Bank of Indonesia hikes interest rate by 50bps to 7.00%
Here's why analyst calls for further rate hikes.
According to Standard Chartered, Bank Indonesia (BI) hiked the BI rate by 50bps to 7.00% at its extraordinary Board of Governors meeting on 29 August.
Here's more:
It hiked the overnight deposit facility (FASBI) rate, the lower limit of its interest rate corridor, by 50bps to 5.25%; and the repo rate, the upper limit of the interest rate corridor, by 25bps to 7.00%.
The central bank also shortened the monthly holding period for BI certificates (SBIs) to one month from six months, and entered a bilateral swap agreement with Japan.

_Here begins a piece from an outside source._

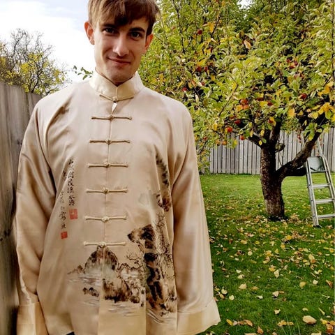 Dette er en kinesisk tradisjonell drakt med drage- og skybroderi, mandarin-krage og knappelukking.

Implications – Given these rate hikes, we are reviewing our rate forecasts. We believe further rate hikes are needed to restore market confidence amid Indonesia’s deteriorating economic fundamentals.

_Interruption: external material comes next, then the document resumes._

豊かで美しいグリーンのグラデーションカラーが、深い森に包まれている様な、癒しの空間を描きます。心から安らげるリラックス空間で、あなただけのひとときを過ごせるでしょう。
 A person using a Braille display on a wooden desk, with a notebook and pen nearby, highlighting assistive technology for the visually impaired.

Although rate hikes may help to ease inflationary pressures and strengthen the Indonesian rupiah (IDR), we also note the ‘side effects’ of such policy on real GDP growth.
Rate hikes will raise financing costs for firms and may adversely affect liquidity in the banking system. However, they will help to contain inflation and preserve growth momentum in household consumption and investment.

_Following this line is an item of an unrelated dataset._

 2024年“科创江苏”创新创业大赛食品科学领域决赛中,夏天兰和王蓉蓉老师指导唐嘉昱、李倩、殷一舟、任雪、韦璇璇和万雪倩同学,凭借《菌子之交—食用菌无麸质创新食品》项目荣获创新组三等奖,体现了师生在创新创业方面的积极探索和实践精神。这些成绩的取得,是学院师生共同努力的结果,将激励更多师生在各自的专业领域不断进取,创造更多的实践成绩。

We believe the benefits of the rate hikes will outweigh their negative impact on real GDP growth. We therefore maintain our full-year real GDP growth forecast of 5.8% for 2013.
We see the BI rate hike as a short-term positive for the IDR. However, in our view, it will not be sufficient to stabilise the IDR. We forecast USD-IDR at 12,000 at end-Q3 and recommend that real-money funds maintain maximum FX hedge ratios on the IDR.
We have turned Underweight duration on IDR bonds, from Neutral previously. We expect the curve to shift higher on today’s 50bps rate hike and expectations of further hikes this year, as well as on supply indigestion.